A Cautionary Tale

I once knew a creative team where the CW was a little more adored and befriended by agency leadership than the AD. Not sure why. Just the way it was. (It wasn’t me, by the way.)

At one point, the AD was frustrated enough with the situation to talk to our ECD about it. Hoping to convey her neglected value, she even said, “That [redacted] campaign we just did? [It had just appeared in Archive.] That was all my idea! I did the whole thing – he just changed one word in the tag!”

The reason I know she said that was because within a week, almost everyone in the creative department knew she had said it. That she would claim sole authorship on some work, however accurate, seemed, as one coworker put it, “so unprofessional.”

A couple morals to this story:

1. I have never heard a story about a creative who complained about anything to an ECD to their benefit. Complaining just doesn’t get you anywhere. Not even when it’s about your clients.

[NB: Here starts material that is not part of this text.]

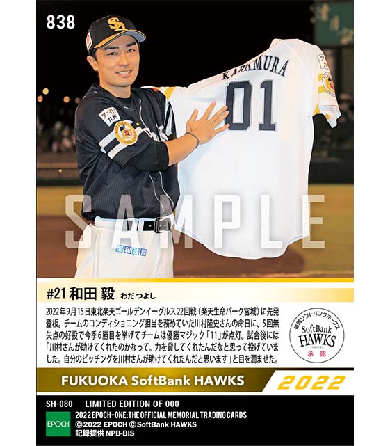 公式【和田 毅】今季6勝目でチームは優勝マジック初点灯(22.9.15) のカードを買うならエポックワン!税込・送料無料!

2. You can create an entire campaign on your own. But if you’re part of a team, you did the work as a team. A little humility is a good thing. (And if your partner’s not doing his or her share, it will show. You don’t have to put up any red flags. Your CDs are probably more aware than you know.)


6 thoughts on “A Cautionary Tale

  1. Sounds like a growth opportunity. Not creative talent, but people skills. As you advance in your career, you have to learn to play the system, bit your tongue and just hit creative home runs at every bat.


  2. It's pretty obvious when only one person in the team is pulling their weight. And it becomes obvious who's pulling that weight once you guys get split up and work with different people.


  3. This goes for presenting too. When you're presenting an idea to a CD or a client or whomever, it shouldn't be obvious that one person came up with the idea. It's “We had this idea,” not “I had this idea.”

    The one exception to this is if you really are in disagreement and at an impasse. Have a meeting with your CD, let him/her know that you guys are in different places and ask him/her to weigh in.


  4. You're site is a great resource. Not only for students, but for us “seasoned” ad people as well. The tongue-in-cheek observations are spot-on and I laugh out loud while remembering my earlier agency days! I'm recommending your site and advice to my graduating adv. students as required reading before they leave the security of academia.